El frío, tradicional
de estas fechas, latitudes y evento, se filtraba cual soldado especializado,
por entre los pliegues de las generosas prendas de abrigo con que, los allí presentes, se habían pertrechado en
una previsión casi genética, transmitida de padres a hijos. Era marzo; y ese
mes no se tomaba a broma.
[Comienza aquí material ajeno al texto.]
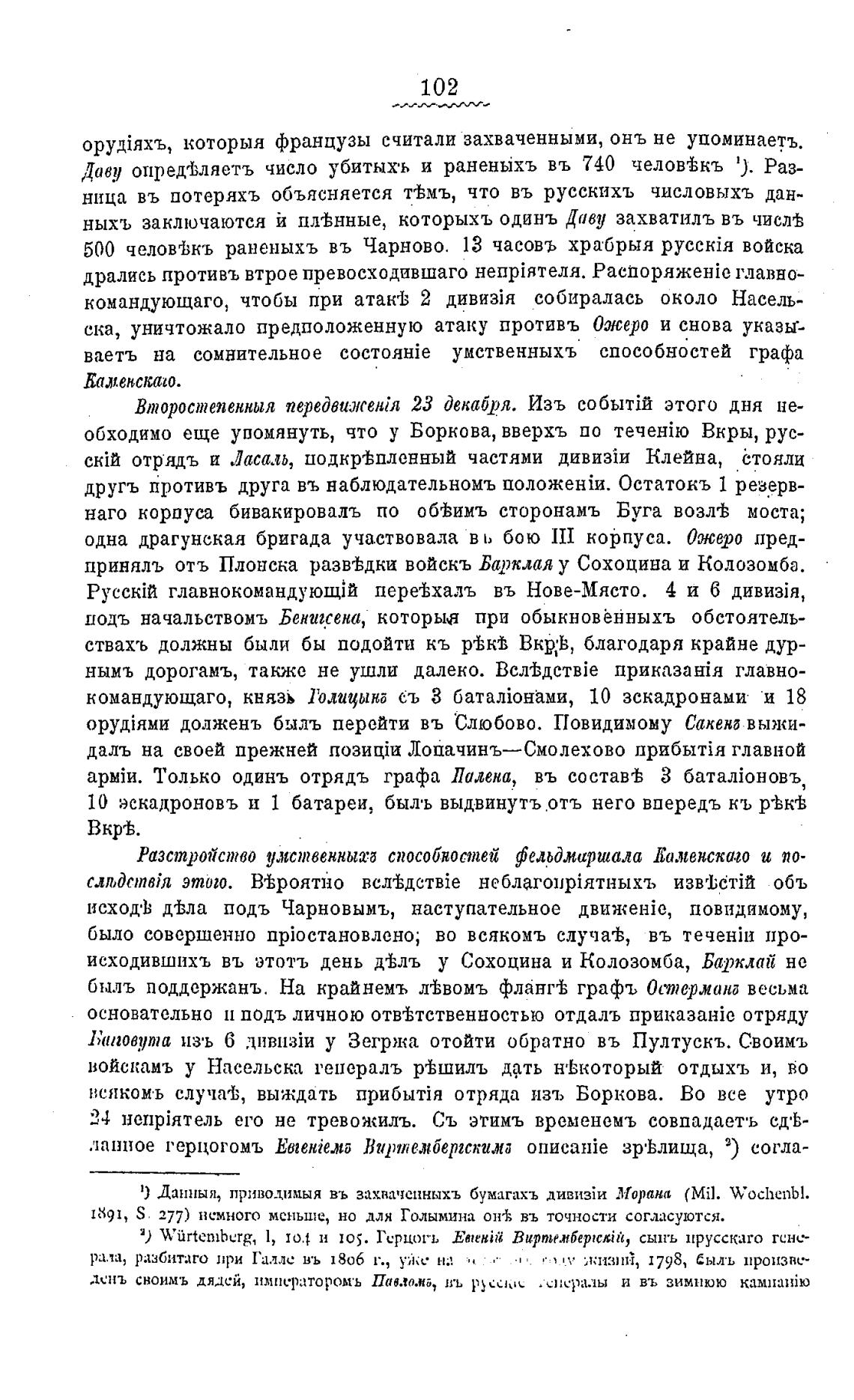 Даву опред±ляетъ число убитыхъ и раненыхъ въ 740 челов±къ 1). Раз-

La luna, en su capricho estelar, marca cada año al
elegir su cubierta plateada más intensa,
la Semana Santa.
La frigidez del
oscuro ocaso, rivalizaba por un lado, con las tinieblas legendarias, y no por
ello menos históricas, con las que Cristo se despidió del mundo terrestre; por
otro envolvía con un halo, aún mayor, de misterio al ambiente ya formado, de
una manera natural, ante la expectación y curiosidad de lo que unas cornetas,
relativamente cercanas, dejarían vislumbrar en unos momentos tras la curva
cerrada de la angosta callejuela, por la que se antojaba, a los allí presentes,
incapaz de albergar en su seno, la más pequeña carroza portadora de la figura del crucificado.
Y en esta tierra
austera, claramente definida por su clima, el silencio impera por todos los
rincones de una ciudad que vive de cara a sus imágenes policromadas más allá,
como presumo que ocurre en todos los rincones de esta piel de toro, de las
propias creencias religiosas; lo que seguramente sea el verdadero triunfo de la
religión: no soy cristiano o lo soy a mi manera, pero llevo tus andas o te
acompaño camino del calvario con el mismo dolor y respeto como si fuera un
auténtico y ejemplar cristiano.
La cantidad de gente
apostada en aquella curva estratégica, corroboraba los pensamientos de un
contador de historias que intentan, torpemente, describir lo que sus ojos
percibían y sus torpes dedos, quizá por el frío reinante, eran incapaces de
plasmar en un diminuto cuaderno en el que garabateaba, el plumilla, sin parar.
El estandarte guía
asomaba, con la humildad debida como si de un juego del escondite se
tratara, de la piedra berroqueña de la
que estaba hecha la casa de la esquina; era un guiño a los allí presentes,
anunciador de todo lo que venía tras de ella.
Unos tambores,
malamente destemplados, servían del acorde preciso para que la comitiva
conservara la homogeneidad que requieren tales manifestaciones.
Un largo quejido,
parido de un clarín, anunciaba con desgana y amargura la tragedia escenificada
en aquél trono de otras latitudes; paso en la Castilla milenaria.
Y cual cortejo real
de otros tiempos, terminó de girar la comitiva por completo aquella curva ,
hasta entonces reservada; para mostrar a los ojos de las personas amparadas
contra las paredes frías de los bajos edificios, el esplendor, en todas sus manifestaciones, de
la extraña belleza con que se representa el acto más inhumano de la historia,
revivido en unas figuras huecas de madera, que representan la más sutil y
hermosa imaginería existente.
Contradicción que
entrelaza y dulcifica un momento trágico con el sentir de las gentes de dos mil
y pico años después...
El creyente, verá al
hijo de Dios escarnecido hasta la muerte, en una cruz que es un poco nuestra
y dual, personal y comunitaria; cada
cual vivirá su Semana Santa, no sólo de acuerdo a la formación recibida, sino
al "modo de vivirla" que tenga su comunidad.
Y turistas
agnósticos, creyente lugareños, mirones que se paraban al pasar por mera
curiosidad; indefinidos, los seres más prolíficos, de cualquier lugar; todos,
sin excepción, no pudieron por menos de quedarse hipnotizados ante la
expresión, mezcla del horror sufrido y de la serenidad que otorga la misión
cumplida, cuando aquél Cristo, desafió la protección del edificio y salió, a
calle descubierta, dispuesto a ser vituperado, una vez más, por los sayones
atemporales de la historia escondidos entre las sombras de la noche, o a ser el destinatario de los que imploraban
perdón con sencillez, al fulgor de una farola cuya mortecina luz, agravaba aún
más si cabe, la dramaturgia de la escena allí representada.
Para el Concurso Internacional
de Poesía y Cuento, 2016. Revista Hispanoamericana El Parnaso del Nuevo Mundo. (Perú).